As a society, we have rearranged our athletic priorities to favor performance over how well we move, often leading to injuries and limited athletic potential. Currently, the only way to obtain actionable, immediate feedback on movement technique is to perform a particular movement in front of an experienced physical therapist or coach – resources that are often expensive or unattainable to the average person.

I wanted to explore using technology to help solve these types of projects so I started working on SquatIQ -- a sensor system designed to diagnose issues with squat form. I worked with the squat because it a compound movement that can give a lot of information on an individual's mobility and imbalances; many physical therapists actually screen patients by having them perform a bodyweight squat.

Sensor System
The sensor system consists of a quad-strapped accelerometer, pressure sensing insoles, and some signal conditioning circuitry. The sensors are connected to an Arduino, which commincates with the computer running the live classifier.

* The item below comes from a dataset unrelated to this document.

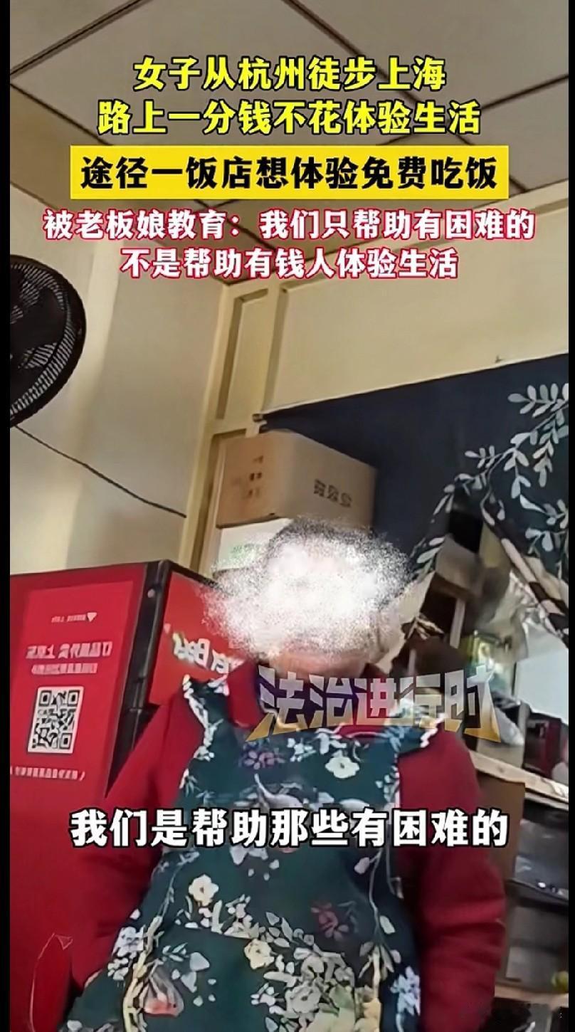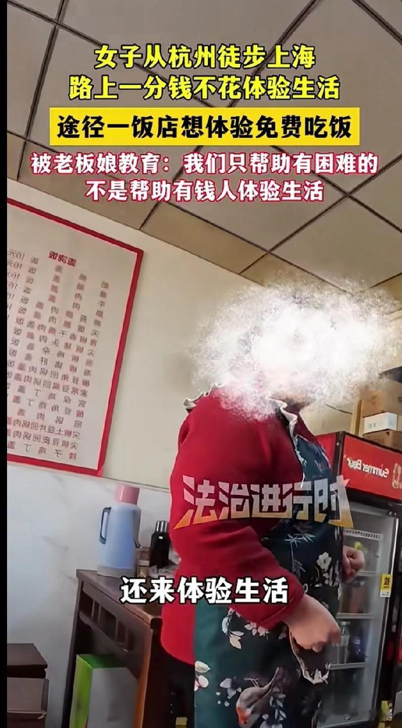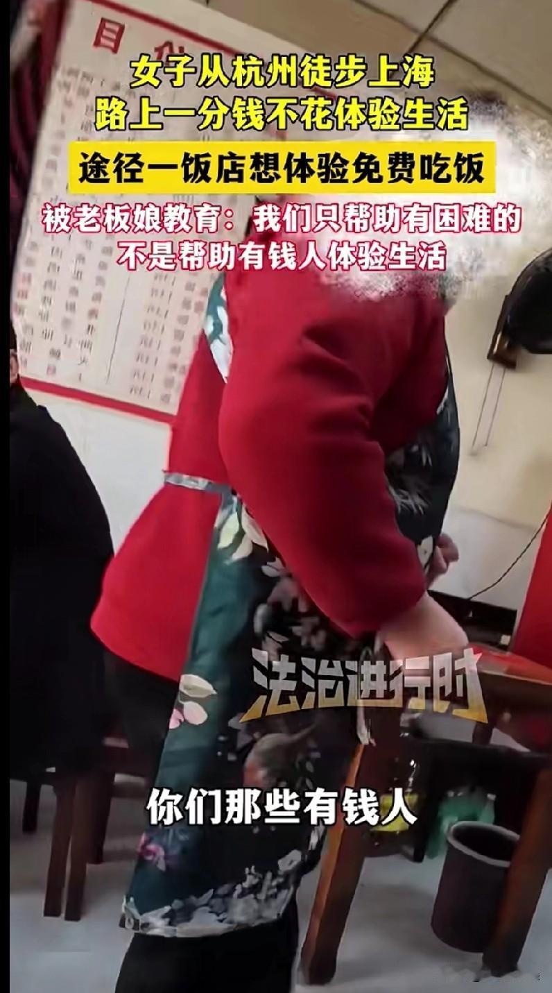 挑战不花自己的钱,花别人的钱! 女子从杭州徒步到上海,体验路上不花一分钱的生活。在路上女子追上一位女孩,说道:小美女,你好,我是徒步从杭州到上海的,然后这一路上所有吃和住的问题,都得自己解决,自己是不能花一分钱的,我能请你帮忙吗?女孩干脆利落回答了她:不能! 女子又到了一家小饭店,也是请求帮忙,没想到被老板娘教育了一番,老板娘气愤的说:我们只帮助有困难的人,不是帮助有钱人体验生活的。你们有钱人体验生活,一顿饭钱都舍不得给吗? 此事引起了网友的热议。 有的网友说:倒反天罡啊!不是有应该有钱帮助没钱的么?现在是没钱的帮助有钱的!还挑战不花钱?你怎么不挑战“走一路撒一路钱呢”,这样第二天你就会火。 也有的网友说:你体验生活,别人都该你的啊? 其实我觉得你想一分钱不花体验生活,也不是没有办法,你可以一路打工过去啊,你去饭店想吃一顿饭,你可以先跟店老板说我帮你干半天活,报酬是一顿饭可以吗。而不是上来就很有理的说,你要不花钱吃饭,让老板帮你。店老板会这样骂你?你还搁那说不要紧不要紧,谢谢谢谢。咋滴,被骂还委屈啊。是你要体验生活艰辛,还是你让别人体验生活艰辛啊?

Currently, the system is consists of a shoe insole fitted with force-sensing resistors (FSRs) to determine foot pressure distribution, an accelerometer strapped on the athlete’s quad to obtain depth information, and a software program running a trained multi-label SVM classifier to diagnose real footing issues (supination, pronation, heel-lift, etc) from the raw sensor data (see above picture). The sensors are connected to some signal conditioning circuitry and an Arduino, which communicates with the computer running the classifier. The athlete first calibrates the system and then performs several bodyweight squats (see above for video, below for example report). The system outputs an accurate report containing footing errors and where in the movement they occur; I have tested it with several people in my gym. It is possible to analyze data both online and offline. Currently, I have only built one insole but will soon build another. All code is available on github, with online_squat_classify_with_depth.py being the main script.

Squat Plot
A plot generated with data from SquatIQ, showing different errors throughout the movement. The area of the circle indicates severity of the error. This particular athlete exhibits pronation and heel-dominance during standing, and then starts to show heel-lift and slight pronation at the bottom of the squat.

Future Work

Diagnosing mobility issues

As mentioned earlier, the current output of the system is a report on footing issues during the squat and where in the movement they occur. I am currently working with a physical therapist on using the output of my system to train a model that can infer general mobility issues and imbalances. For example, if a user exhibits heel-lift in the bottom position of a squat, it could indicate that they have limited ankle dorsiflexion due to tight calf muscles. I envision a future iteration of SquatIQ as a system that people can use to diagnose their own mobility issues with minimal interaction with a physical therapist.

Minimizing strain

Currently, the system only takes into account footing position, which gives a lot of information about overall body positioning during the squat. It would be interesting to add flexion sensors on the ankles, knees, and hips to measure joint angles in an effort to reduce strain and the potential for injury. In theory, this would involve minimizing shear/torque on joints, with some joints being more important than others. This would vary with different people: some people will be able to maintain in a more forward knee position, for example. This would allow the sytem to be more useful when performing a squat with weights.

Audial feedback

Ideally, the system would be able to deliver feedback to the user about how well they are performing the movement. I think feedback in the form of musical cues is great for this application because it is easy for the brain to understand and many people already exercise to music. I am currently trying to encode different errors as different notes in a chord and modulating the pitch to signal severity of the error. When the user hears that a certain note in a chord is off, they should be able to intuitively correct for it. I am playing with the pyAudio library for this and will post any updates.